Starborn was also part of that excellent series.
My intro to sci fi, at @ 11 or 12 years old.
Isaac Asimov is another favourite of mine.
Loved his idea of mathematics applied to human mass behavior . Psychohistory mathematics, I think, was the Foundation Trilogy premise.
 
I'm a big fan of Asimov and have his entire Foundation series, which runs to a total of seven novels.

It's amazing how much cigarette smoking went on in the far, far future of the original trilogy - the description of the ritual served to up the word count I guess!
 
Bonsai,
My evaluation of Newton`s and Einstein`s significance is somewhat deviant.

Newton was not a thinker. He borrowed from others, took everything he could get his hands on, published it and took the credit without even saying thank you. I doubt he came up with anything of importance on his own. To me Robert Hooke was a greater man, just to mention one example.

Einstein`s energy equation contains nothing but the plain old mass times velocity, used by many before him. Misinterpretations like "energy and mass (matter) are the same thing, just in different forms" is, however, not Einstein`s fault.
It`s naive to think that lightwaves represent the fastest radiation. Einstein forgot to explain how can something be both relative and absolute at the same (constant) time. I find the confusion about the notion of light, mass, matter...shocking.

The spacetime model is mathematical acrobatics lacking physical sense. If it was understandable, the theory would lose its natural charm and would be consigned to the scrap heap.

I have not yet read the pdf document.
 
Newton was not a thinker. He borrowed from others, took everything he could get his hands on, published it and took the credit without even saying thank you. I doubt he came up with anything of importance on his own. To me Robert Hooke was a greater man, just to mention one example.
The quote below is from a letter written by Isaac Newton to fellow scientist, Robert Hooke in February 1675.
"If I have seen further, it is by standing upon the shoulders of giants"
Either Newton was admitting that he was working in the light of discoveries made by fellow scientists, of his own time or earlier, or he was being sarcastic since Hooke, who had begun to disagree with some of Newton's theories, was reportedly quite short in height!

Nearly three hundred years since his death, Isaac Newton is as much a myth as a man. True or false? Ten myths about Isaac Newton | OUPblog
 
Newton was not a thinker.

Einstein`s energy equation contains nothing but the plain old mass times velocity, used by many before him.

Einstein forgot to explain how can something be both relative and absolute at the same (constant) time.

The spacetime model is mathematical acrobatics lacking physical sense. If it was understandable, the theory would lose its natural charm and would be consigned to the scrap heap.
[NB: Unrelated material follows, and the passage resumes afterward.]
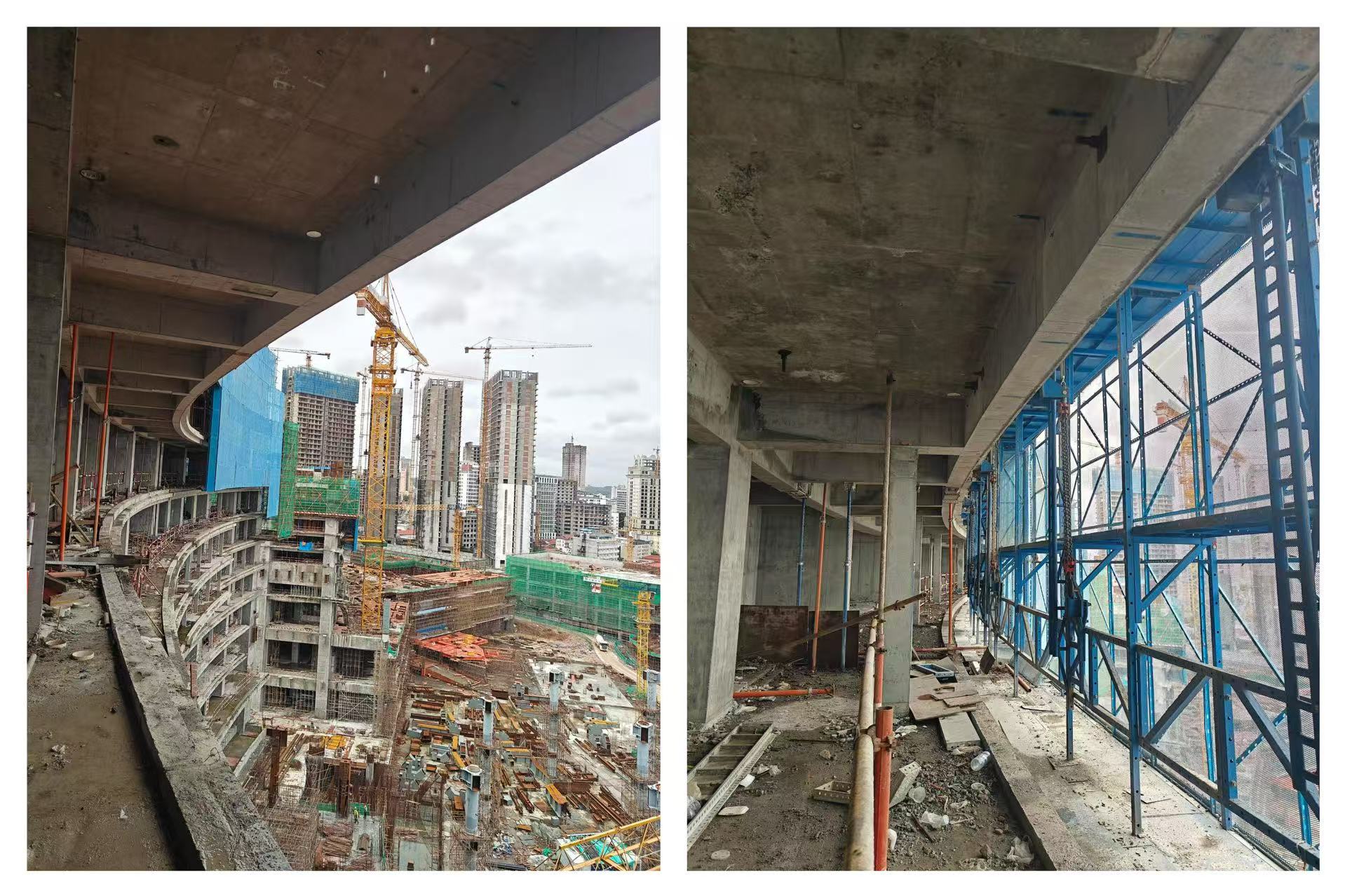 El proyecto consta de dos torres separadas por una junta de dilatación de 450 mm de ancho. Considerando las condiciones de construcción de la obra y la eficiencia operativa, se adoptó una solución de encofrado colgante en la zona de la junta de dilatación, lo que mejoró significativamente la seguridad y la eficiencia en la obra. Para las múltiples secciones de franjas postensadas de la estructura, se instalaron varios conjuntos de encofrado y sistemas de soporte para garantizar que la resistencia del hormigón cumpliera con los estándares de diseño, logrando así tanto la seguridad de la construcción como la calidad estructural.

It is humbling to contemplate the minds of historical figures who changed our perspective on reality. For us ordinary sort it's a bit like standing in your Dad's shoes when you were a boy...but their shoes are the size of rowboats. Both Newton and Einstein freely admitted that their discoveries were built on foundations laid by others. But when they finished building an entirely new view of nature was revealed. Newton's view prevailed for centuries and still rules the vast majority of Earthbound science. Einstein's view subtly modified Newton's and, in the realm he codified remains unchallenged 115 years later. Your comments run counter to those of every credible scientist and thinker I have read for over 50 years. Do you have more than broad vacuous statements to support them?